Quote: Originally Posted by dumpthemonarchyView Post

What does "technically separate nations" mean? They are surrounded by Canada, they speak English like Canadians, not South Africans, Singaporeans or Scots. They are not separate nations. Time to end this legalistic pseudo-diplomatic mumbo-jumbo nonsense.

Look at Statscan. IN Nunavut 15% speak neither English nor French.

And even in BC, remember the separate school system? Pure forced assimilation, never voluntarily. Do you approve of the separate schol system and such imperialism?
 
captain morgan
#27
Quote: Originally Posted by dumpthemonarchyView Post

Professionals in the system want to sell the most and best so they make more. This is not in the public interest.
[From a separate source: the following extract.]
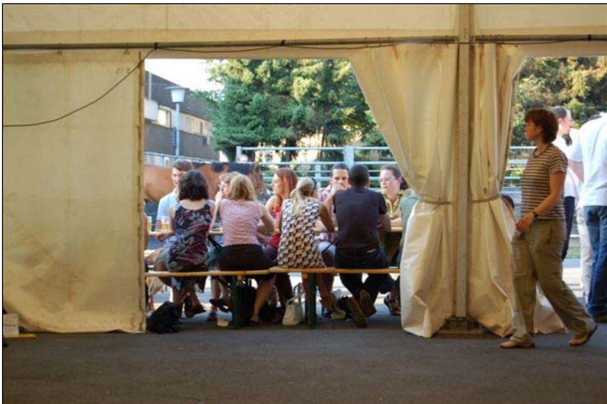
Festzeltstimmung, auch außerhalb
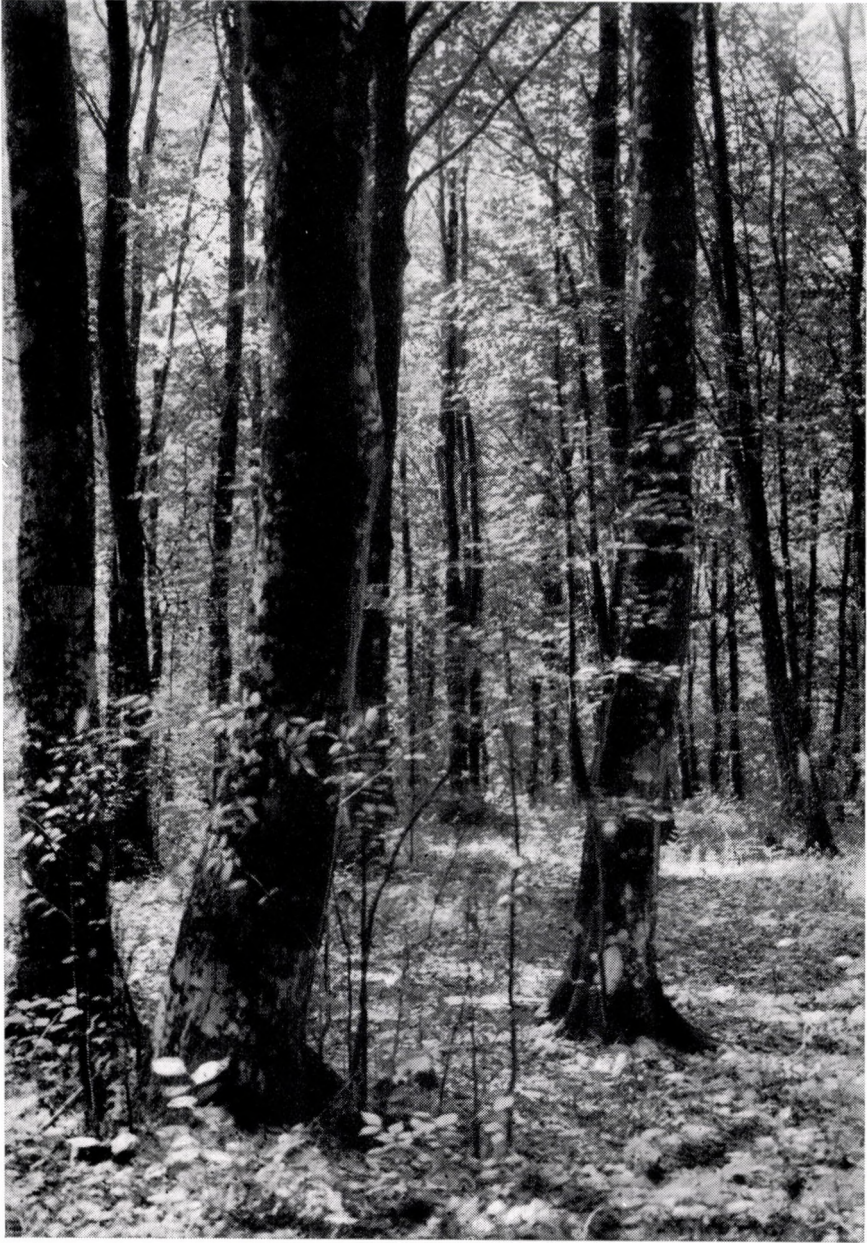
Aconito-Fagetum, dentariosum glandulosae. Ungarn, Nördliches Mittelgebirge; Sátor (Zempléner)-Geb. »Dargó«.

I'm not interested in privatisation that rewards investors so they get tax dollars.

So, your answer is to under-pay the physicians in the hopes that they will flock to Canada in order to make less money?

Makes so much sense
 
bill barilko
#28
Staff will be 100% Filipino-paid minimum wage and charged deluxe rates for room 'n board-band members will spurn jobs @ the facility as being demeaning since it means they'd have to get out of bed early/all too regularly/have more than a primary school edumication.

You read it here first.
 
Machjo
#29
Quote: Originally Posted by bill barilkoView Post

Staff will be 100% Filipino-paid minimum wage and charged deluxe rates for room 'n board-band members will spurn jobs @ the facility as being demeaning since it means they'd have to get out of bed early/all too regularly/have more than a primary school edumication.

You read it here first.

No bigotry there, eh?
 
TenPenny
#30
Quote: Originally Posted by dumpthemonarchyView Post

Professionals in the system want to sell the most and best so they make more. This is not in the public interest. I'm not interested in privatisation that rewards investors so they get tax dollars.

Out of curiousity, how do you make your living?